И хотя, став впоследствии литературным конфидентом М. Петровых, Л. Мкртчян ознакомился со всем ее поэтическим наследием, о стихах военного времени он продолжал говорить с особым трепетом.

«Стихотворение М. Петровых «1942 год», – пишет Мкртчян в предисловии к первому сборнику Марии Сергеевны «Дальнее дерево», – мне кажется одним из наиболее сильных в русской советской поэзии о войне. Оно и впрямь звучит как «колокол на башне вечевой». В нем голоса тысяч и тысяч людей, проклинающих войну за всех убитых, всех осиротевших, в нем ненависть тысяч и тысяч:

Проснемся, уснем ли – война, война.
Ночью ли, днем ли – война, война.
Сжимает нам горло, лишает сна,
Путает имена.

О чем ни подумай – война, война.
Наш спутник угрюмый – она одна.
Чем дальше от битвы, тем сердцу тесней,
Тем горше с ней».
[35:7 – 8]

«Я был удивлен, – делится с читателем Мкртчян в своей книге воспоминаний о Марии Петровых, – что такие, например, стихи, написанные еще в 1945 году, нигде не печатались:

Но разве счастье взять руками голыми?
Оно сожжет.
Меня швыряло из огня да в полыми
И вновь – об лед.
И в кровь о камень сердца несравненного, –
До забытья…
Тебя ль судить, – бессмертного, мгновенного,
Судьба моя!»
[29:23]

В лирике Марии Петровых 1940-х годов наиболее отчетливо проявилось свойственное ей обостренное ощущение трагического в жизни и искусстве, которое роднит ее с Павлом Антокольским.

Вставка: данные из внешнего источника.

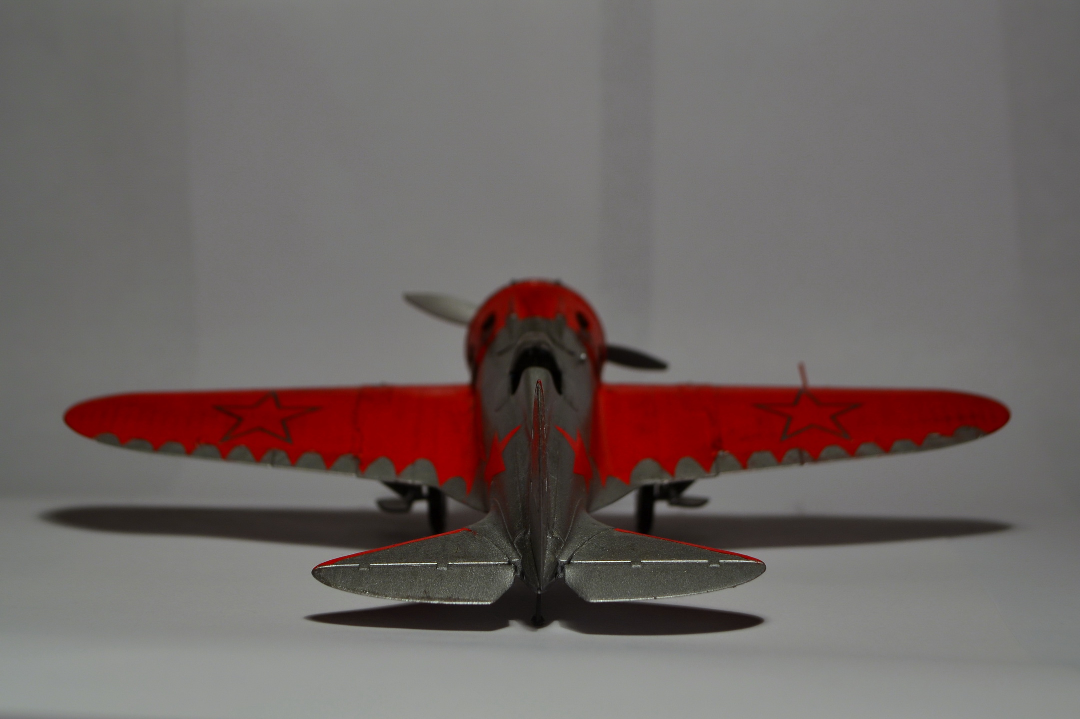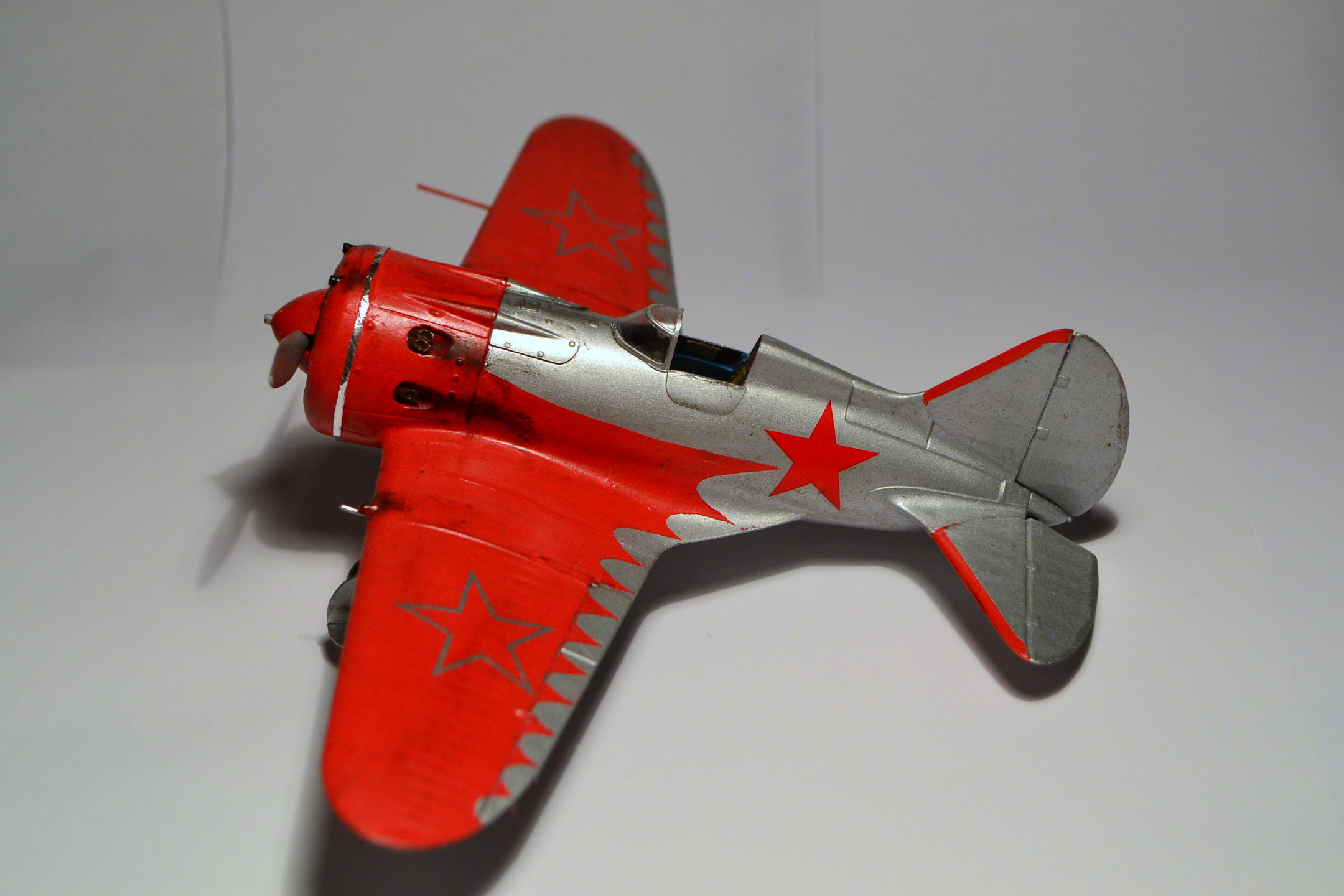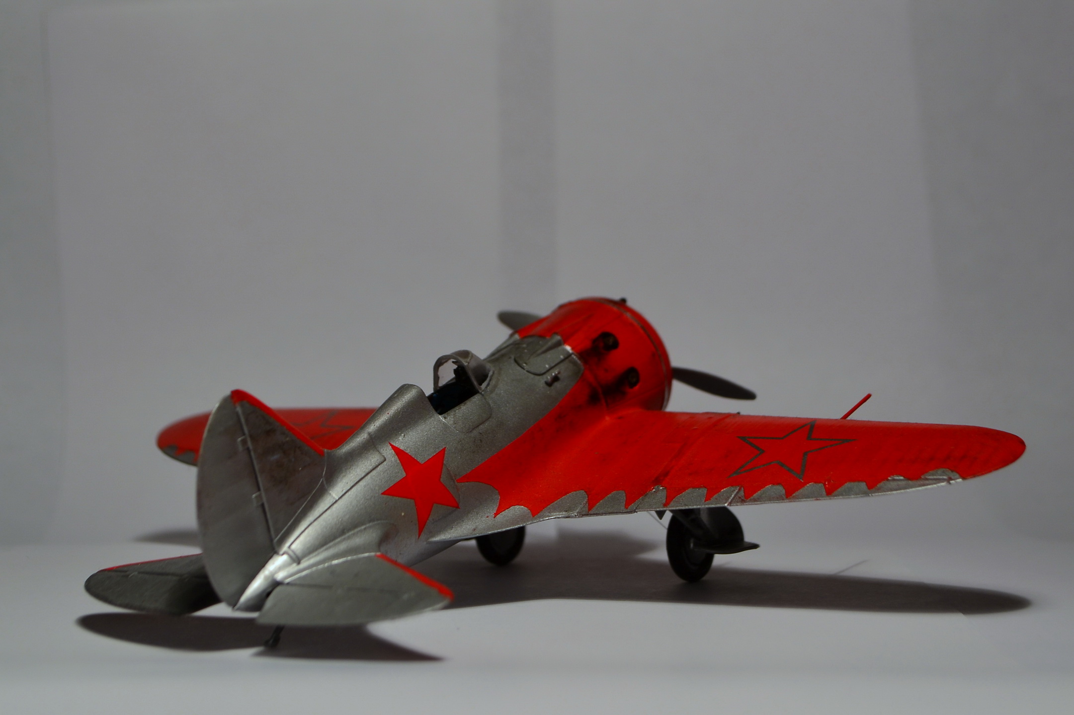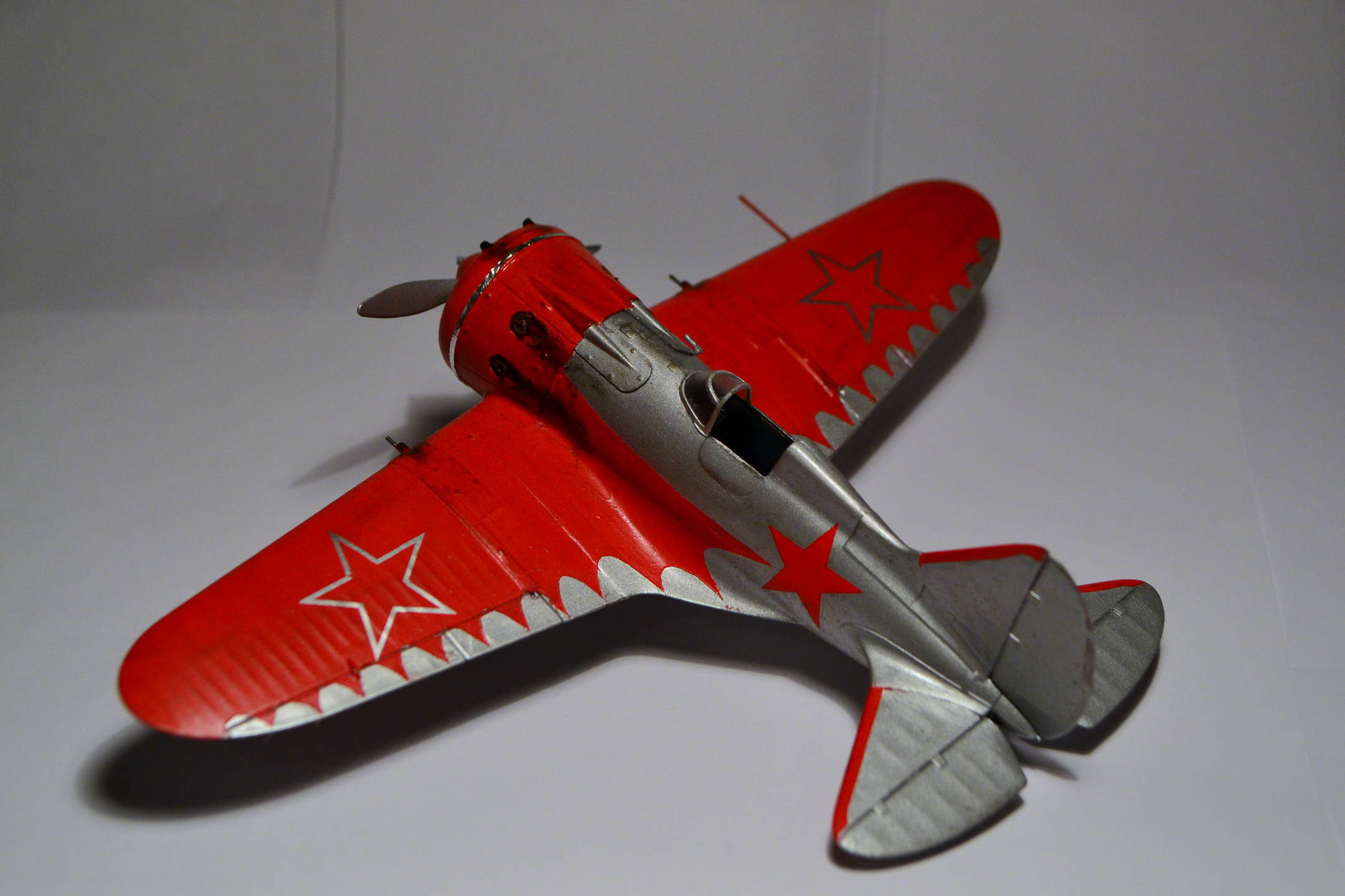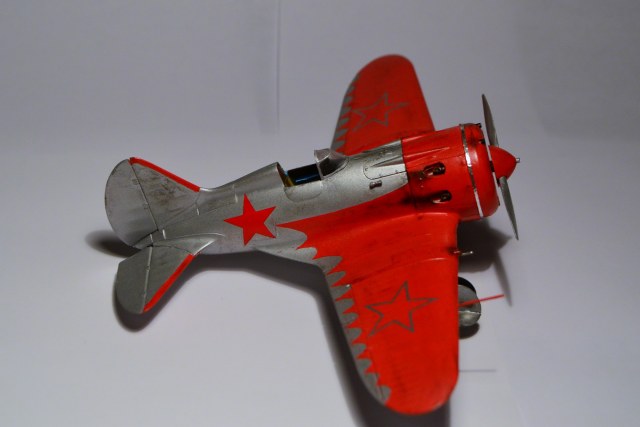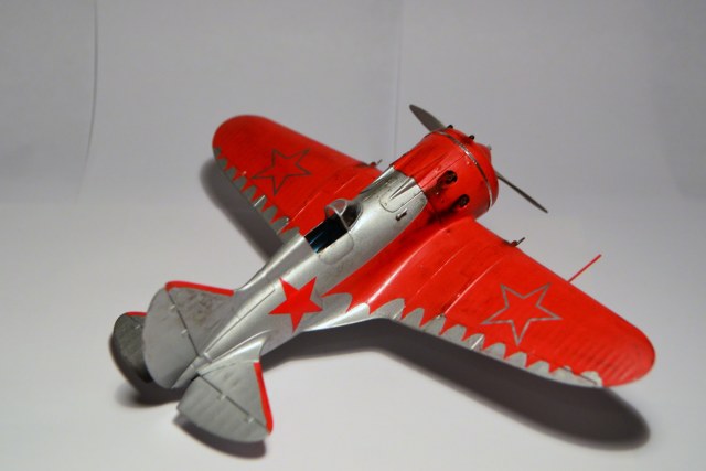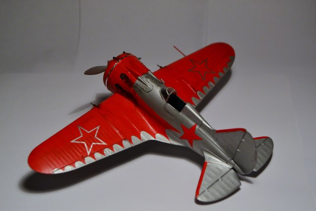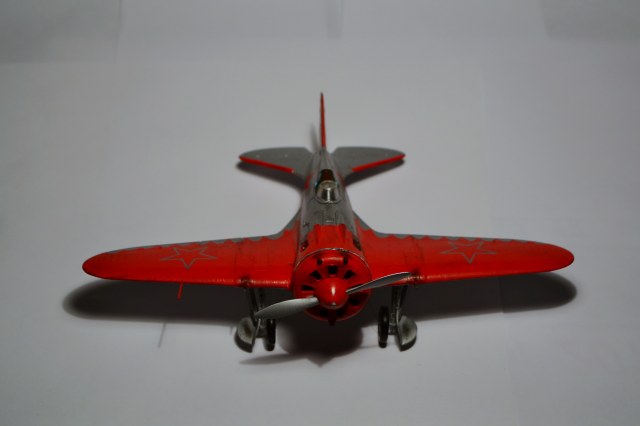 Когда-то, в свое время, доверился дизайнерам и художникам ARK и построил такую же модель самолета "изкаробки". Конечно же был конструктивно раскритикован. Благодаря коллегам узнал, что этот И-16 не имеет никакого отношения к легендарному Чкалову. И что более удивительное - не было такого самолета оказывается в принципе!!! О чем только думали разработчики сего кита. Я думаю, что вдохновение пришло от вида И-16 с выставки в Милане. Но это был совершенно другой тип машины с совершенно другой окраской (никаких "крыльев летучей мыши" там и не было). От себя добавлю, что набор лёгок в исполнении и на выходе тянет на 72-й масштаб. Автору респект за модель! "Четверка" за внушительные старания!

«Многие путают трагедию и трагическое в искусстве с пессимизмом, – писал Антокольский однажды. – Вредная путаница! У трагедии нет ничего общего с пессимизмом». И еще: «Трагедия может вывернуть человека наизнанку, но человек в конечном счете поблагодарит ее за громовой урок о вечном торжестве жизни» [14:29]

Об этом же говорит Мария Петровых в одной из своих дневниковых записей:

«Смысл жизни не в благоденствии, а в развитии души» [37:366].

«Слова Антокольского о трагическом и трагедии – не случайные для него и не проходные слова, – размышляет Лев Левин, близкий друг и литературный биограф поэта. – Он цитирует блоковское «Крушение гуманизма»: «Оптимизм вообще – несложное и небогатое миросозерцание, обыкновенно исключающее возможность взглянуть на мир как на целое. Его обыкновенное оправдание перед людьми и перед самим собою в том, что он противоположен пессимизму; но он никогда не совпадает также и с трагическим миросозерцанием, которое одно способно дать ключ к пониманию сложности мира».
Антокольский развивает эту мысль Блока. Сущность трагического миросозерцания, «прежде всего, в диалектике, в полной открытости конфликтам и противоречиям жизни». Задача художника – «разглядеть и понять жизнь в борьбе ее противоположных сил, в вечном потоке движения». Таково представление о трагическом, присущее Антокольскому как художнику, который особенно выразил себя именно в этой сфере искусства» [14:29].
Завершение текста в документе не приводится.